Приподняв веки, я увидел, как его бьет дрожь, и подумал, что больше не выдержу. Чувство было такое, будто тебя начинает душить кошмар, но ты знаешь, что это только сон, и еще успеваешь шепнуть себе: «Держись!»
Я встряхнулся, наклонился вперед и тронул его колено. Оно дрожало, как пневматическая дрель, мелко и дробно. Смертный холод, озноб тела и духа. Я знал, что он сам себя боится.
— Что с тобой, Носарь?
— Зря я в ту шахту заглядывал, — сказал он и посмотрел на свою перевязанную руку.
— Забудь про это, — сказал я и бросил ему спасательный конец. — Так что же та девчонка? Ты еще встречался с ней?
— Я там человека видел, он туда прыгнул, — пробормотал Носарь
— Хороши штучки, — сказал я и стал ворошить угли в камине. Мне нужно было дотронуться до чего-нибудь, убедиться, что я все тот же, живой, осязаемый Артур из плоти и крови, с бьющимся сердцем. Но волосы у меня стояли дыбом. — Это уж слишком, — сказал я, — ты совсем дошел, старик.
Он наклонился вперед, стиснув руки:
— Как думаешь, что это значило? К чему это?
— Ты все думал о часах, вот тебе и померещился Краб, — сказал я и вздрогнул.
— Это был не он, — сказал Носарь твердо. Я посмотрел на него. — Это был я! Я видел свое лицо так же ясно, как вот тебя сейчас вижу. И я тебе скажу — когда я залез на эту стенку, то почти решился уже вниз прыгнуть. Но как увидел это — все. Пошевельнуться не мог, будто в тисках. Поглядел вниз, увидел это и сразу остановился.

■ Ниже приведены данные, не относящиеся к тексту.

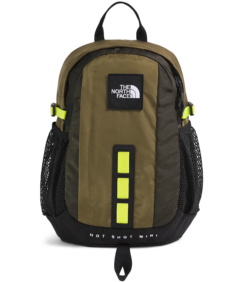 From The North Face, this Hot Shot Mini Backpack features:    Our classic Hot Shot daypack is reborn in a miniaturized version that s perfect for your smaller everyday journeys. With comfortable straps and a padded back panel for support, water-repellent fabric for unpredictable weather and daisy chain webbing for clipping extra gear, you'll be prepared from city to summit.  Injection-molded shoulder straps with PE foam for added comfort Comfortable, padded air-mesh back panel with a spine channel and PE sheet for extra back support Main compartment has a tablet sleeve. Vertical secure-zip pocket on front panel Two mesh water bottle pockets Top grab handle Side compression straps Daisy-chain webbing offers lash points Sizes: One size Body: 400D nylon with non-PFC durable water-repellent (non-PFC DWR) finish Boot: 840D recycled nylon with PU coating and non-PFC DWR finish Average Weight 1 lb. (440 g) Volume 12 liters Measures approx. 15" H x 11" L x 6" W (38 cm x 28 cm x15 cm)  Imported.

— Говорят, такое бывает, когда нервы расстроены, — сказал я.
— Это был не сон, — сказал он. — Слышь, я стоял на стенке и глядел, как он вертелся пропеллером, ждал, пока он лицом повернется, хотел наверняка знать, что это я. Меня будто к месту пригвоздили, но в то же время я был там, в яме, и что-то вертело меня и тащило вниз… Кто это был — дьявол или бог?
Я безнадежно покачал головой.
— Тебе померещилось, ты был не в себе, — сказал я. — Ты, наверно, все, что пережил, там, в яме, увидел. А видение это только одно означает — ничего нельзя сделать, чтобы помешать…
— Неминуемому? — докончил он за меня. И покачал головой. — Нет, это или всемогущий бог, или же сам сатана тащил меня туда, вниз.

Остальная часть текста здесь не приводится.